FOREX-Euro slides from 6-month peak as Macron win spurs profit-taking

(Updates prices, adds comment, changes byline, dateline; previous LONDON)

* Euro eases from 6-month high vs dollar, 1-yr high vs yen

* Dollar index rises above 6-month low plumbed earlier

* Euro prospects brighten after Macron’s victory

By Gertrude Chavez-Dreyfuss

NEW YORK, May 8 (Reuters) - The euro fell from six-month highs against the dollar on Monday, after Emmanuel Macron’s widely expected victory in France’s presidential election, as investors took profit on a roughly three percent gain for the currency since he won the first round two weeks ago.

Macron’s overwhelming win on Sunday briefly pushed the euro above $1.10 versus the greenback, the highest since the U.S. presidential election in November.

“The euro couldn’t sustain the rally as it took to consolidating a 3 percent spike since France’s presidential vote started two weeks earlier,” said Joe Manimbo, senior market analyst, at Western Union Business Solutions in Washington.

“Nevertheless, the euro appears to have emerged from the French vote with a relatively bullish bias as dissipating political risk should intensify the spotlight on the (European Union) bloc’s improving economic prospects.”

Macron’s defeat of nationalist Marine Le Pen has relieved investors who had feared another populist upheaval after Britain’s vote to exit the European Union and Donald Trump’s election as U.S. president.

The euro rose as high as $1.1023, a six-month peak.

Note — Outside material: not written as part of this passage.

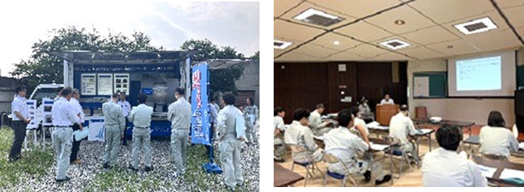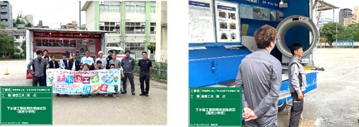 | 内 容 | 下水道課だけではなく、上水道課の担当の方にも出席頂きました。 座学に加え、キャラバンカー搭載の実物サンプルを用いた説明で、工法をより理解することができたと、ご好評を頂きました。 |

It also jumped to a one-year high of 124.58 yen.

But by midmorning in New York, the euro fell 0.5 percent to $1.0944 against the dollar, and 0.4 percent versus the yen to 123.45 yen.

The removal of the political risk investors had associated with Le Pen - who had promised to take France out of the euro - prompted investors to refocus on economic fundamentals and the pace of monetary policy normalization in Europe and the United States.

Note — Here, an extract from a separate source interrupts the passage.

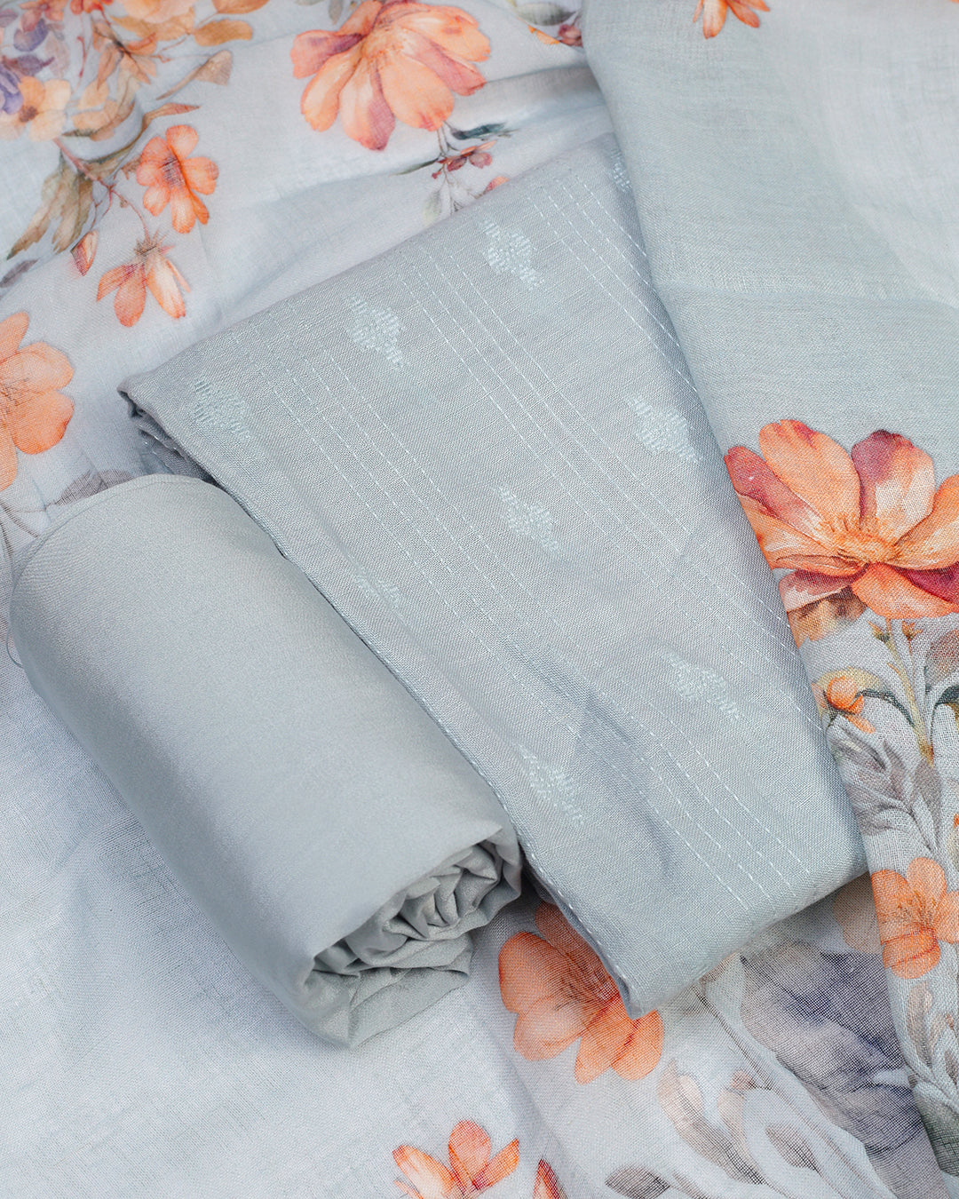Powder Blue Azure Bloom Linen Unstitched Dress Material Suit

Short positions on the euro reached their lowest level since early May 2014 in the week up to last Tuesday, data showed on Friday.

“It’s really a question now of what’s going to happen next with respect to the U.S. Federal Reserve with one rate rise priced in between now and the end of the year, and what’s the probability that the European Central Bank will look to taper monetary policy before the end of the year,” said Michael Hewson, chief markets analyst at CMC Markets in London.

STIMULUS PROGRAM

Friday’s U.S. job numbers were solid and yield spreads support the dollar over the euro. But traders were also more confident about the prospect of the European Central Bank moving away from its bond-buying stimulus program.

The dollar index, which tracks the U.S. currency against a basket of six rivals, added 0.3 percent to 98.966, after dipping as low as 98.543 earlier, its lowest since November.